## Raw data
********

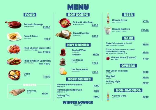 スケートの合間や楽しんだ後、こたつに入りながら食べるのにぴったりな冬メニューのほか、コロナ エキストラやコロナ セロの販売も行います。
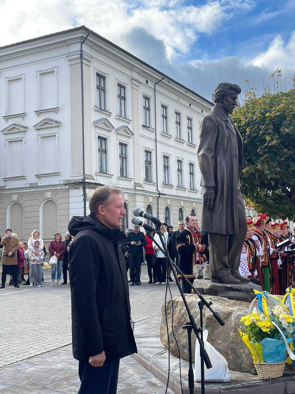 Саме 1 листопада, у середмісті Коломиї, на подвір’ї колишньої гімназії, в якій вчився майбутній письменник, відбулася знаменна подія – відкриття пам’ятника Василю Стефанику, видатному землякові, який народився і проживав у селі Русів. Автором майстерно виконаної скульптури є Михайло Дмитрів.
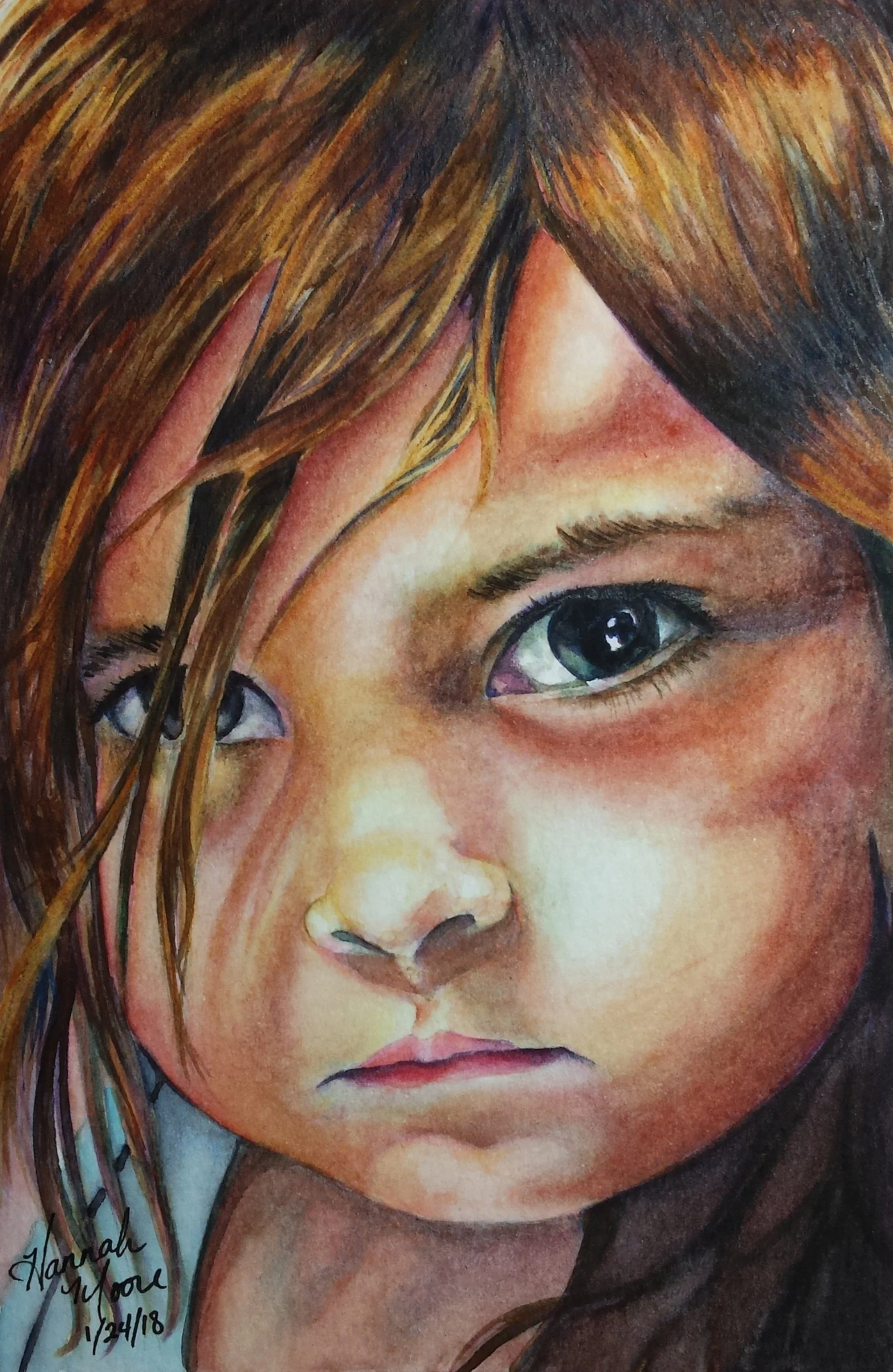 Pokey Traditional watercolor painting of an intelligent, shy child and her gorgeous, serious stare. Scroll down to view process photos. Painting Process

********

## What you need to do
Retype the data exactly as it stands, but keep the images out of your copy.

## Output of the exercise
 スケートの合間や楽しんだ後、こたつに入りながら食べるのにぴったりな冬メニューのほか、コロナ エキストラやコロナ セロの販売も行います。
 Саме 1 листопада, у середмісті Коломиї, на подвір’ї колишньої гімназії, в якій вчився майбутній письменник, відбулася знаменна подія – відкриття пам’ятника Василю Стефанику, видатному землякові, який народився і проживав у селі Русів. Автором майстерно виконаної скульптури є Михайло Дмитрів.
 Pokey Traditional watercolor painting of an intelligent, shy child and her gorgeous, serious stare. Scroll down to view process photos. Painting Process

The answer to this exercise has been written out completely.